Il proliferare di ong, appelli, manifestazioni, concerti (da ultimo il Live Earth), al giorno d'oggi, non basta. Quel che cambia tra i giovani d'oggi è la maggior coscienza dei problemi del pianeta, che rispetto al '68, è più concreta. Certo manifestare nel maggio '68, magari mettendosi in posa per un fotografo (come accadde per la foto qui sopra) o partecipare a un raduno di figli dei fiori, è molto più sexy che andare a fare volontariato in Africa, impegnarsi nell'associazionismo o ancora partecipare ad iniziative civili on-line come questo Blog action day (il cui logo è provocatoriamente affiancato all'icona sessantottina).

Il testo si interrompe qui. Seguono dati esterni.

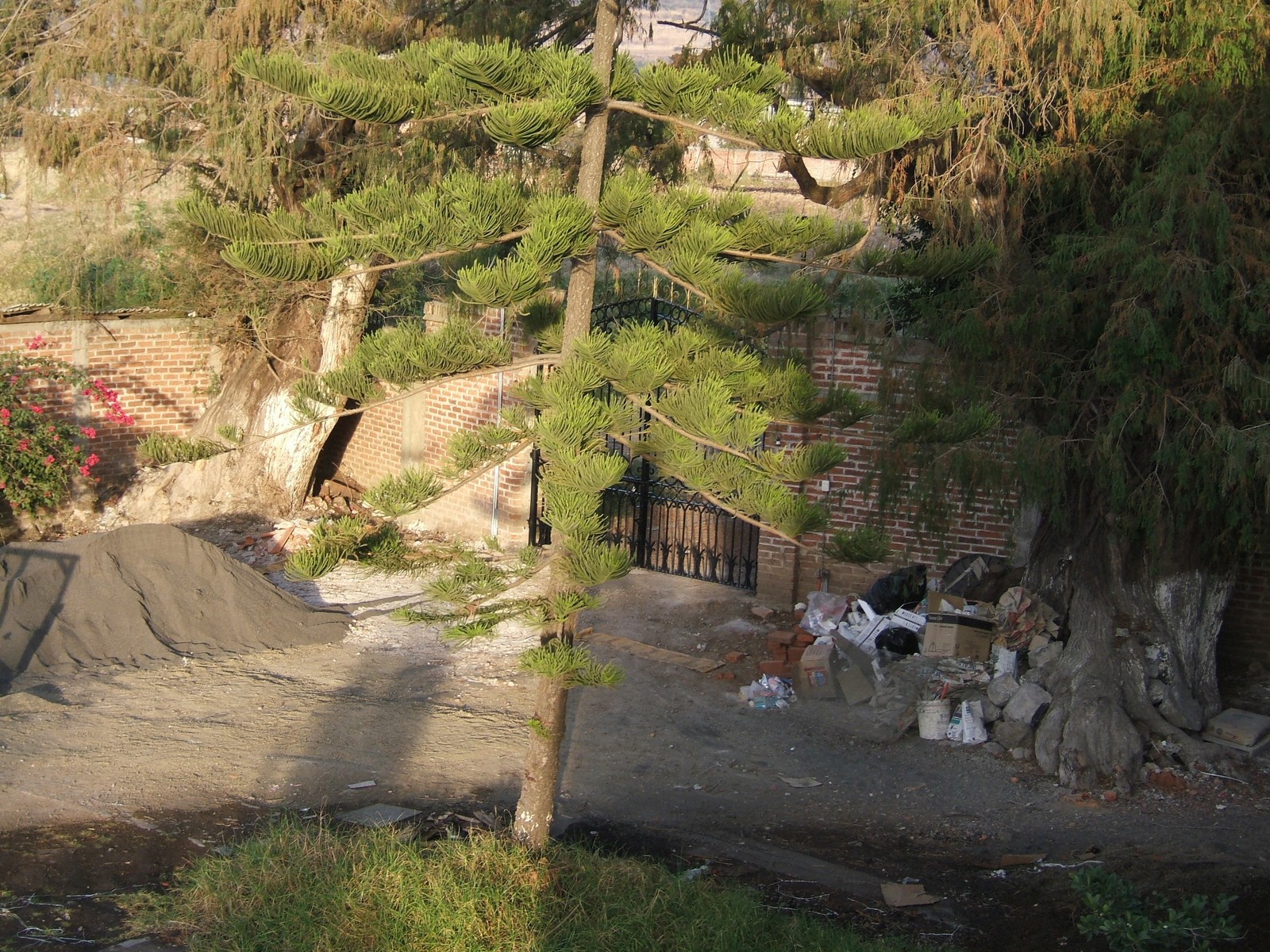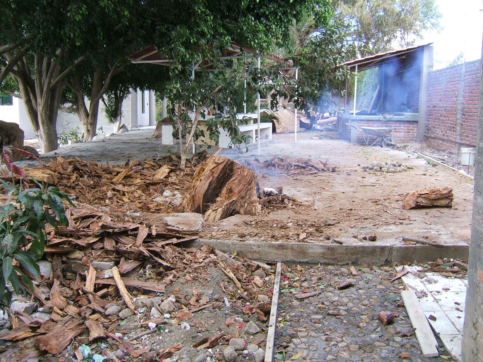 Se ha repavimentado con piedras del río en concreto el camino de la bodeguita al extremo sur, y este mismo acabado se aplicará al todo el patio. Primero, hay mucha madera vieja por quitar de dos árboles muertos (sabinos) que se cortó el marzo pasado.

Certo scagliare sampietrini contro la polizia a Boulevard Saint-Michel risulta sempre più trendy che essere consumatori responsabili, non lasciare il caricabatterie del cellulare nella presa o, ancora, battersi per il diritto di voto degli immigrati residenti. E non mi riferisco solo ai piccoli gesti quotidiani in contrapposizione con i massimi sistemi dei nostri genitori. Penso anche, in un altro registro, ad iniziative per l'Europa federale o alle tante associazioni che cercano di avvicinare e (re)mixare i paesi del Vecchio Continente. O a fare dell'Erasmus un'occasione per ridisegnare la mappa della tolleranza e dell'apertura.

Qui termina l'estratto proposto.